Il devient alors évident, au vu de la période d’écriture de ce fragment, qu’Austen fait référence à la Révolution française à travers les rayures de la robe de Maria. La jeune fille représente la nouvelle génération, celle-là même qui vient mettre en péril les privilèges de l’aristocratie. En s’adressant à Maria de façon incorrecte, mais tout en l’emmenant au bal et en l’invitant à diner, l’aristocratie montre qu’elle réprouve les nouvelles idées radicales, mais qu’elle est bel et bien obligée de faire avec.

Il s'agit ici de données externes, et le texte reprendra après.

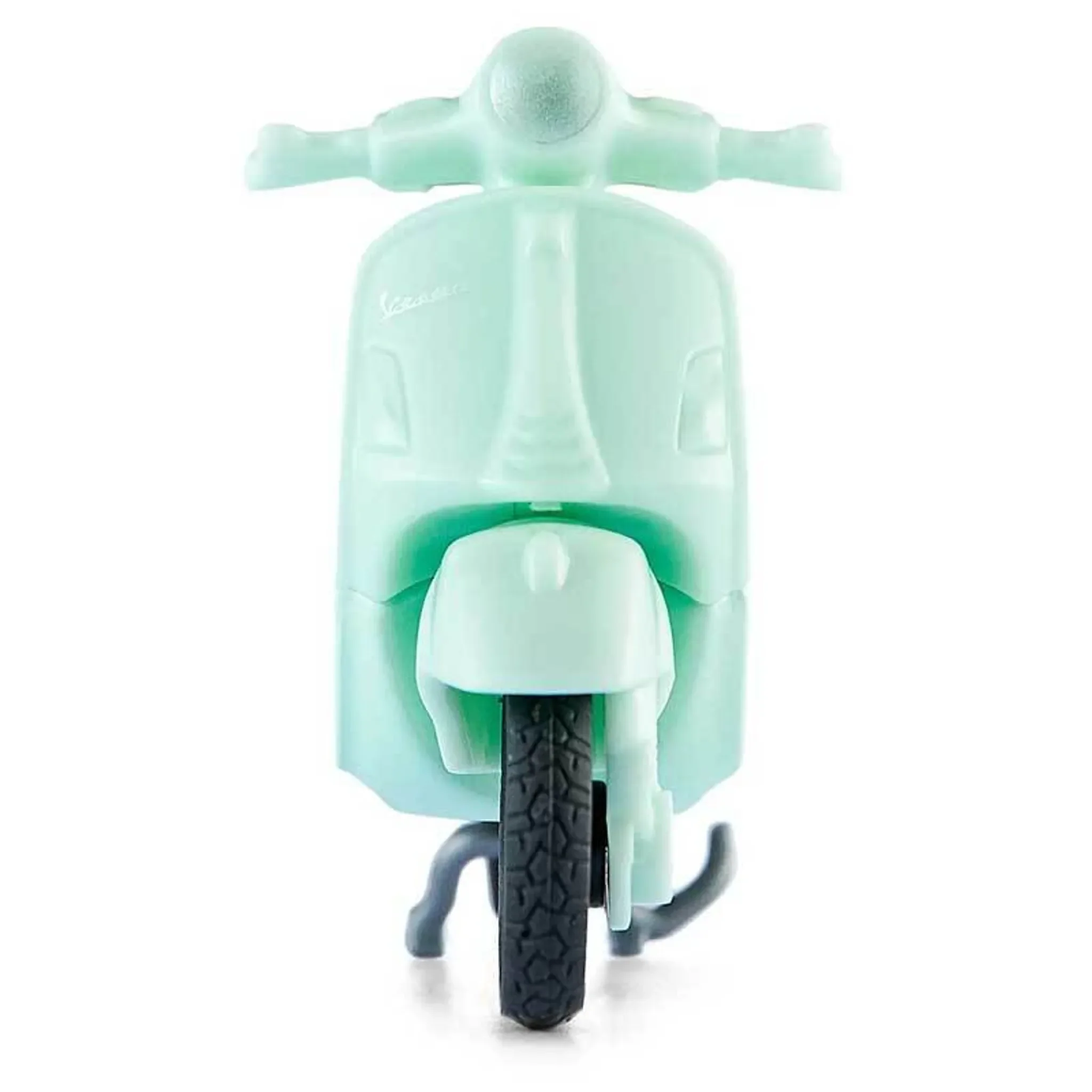 Die hochwertige Metallkarosserie und die beweglichen Bauteile wie Lenker und Ständer sorgen für realistischen Spielspaß und authentisches Design. Gummierte Reifen garantieren gute Rolleigenschaften und Stabilität. Mit ihrer mintfarbenen Lackierung und der braunen Sitzbank ist die Vespa ein echter Blickfang – egal ob als Spielzeug, Sammlerstück oder Dekoration.

Lady Greville aurait préféré que Maria porte sa robe rayée. La jeune fille incarne la nouvelle génération et sans ses rayures, portant une robe neuve, il devient difficile de savoir qui est Maria, d’autant qu’elle est escortée par Lady Greville. Aux yeux de Lady Greville, une robe rayée permet de montrer à leur entourage son statut et ses idéaux.

Austen souligne plusieurs fois, avec beaucoup d’humour et d’ironie, le manque de savoir-vivre de l’aristocratie et de considération qu’elle peut avoir pour autrui. En voulant faire passer Maria pour vulgaire, notamment avec le passage des jambes révélées par le vent qui soulève la robe des jeunes filles, Austen insiste surtout sur les propos vulgaires proférés par Lady Greville.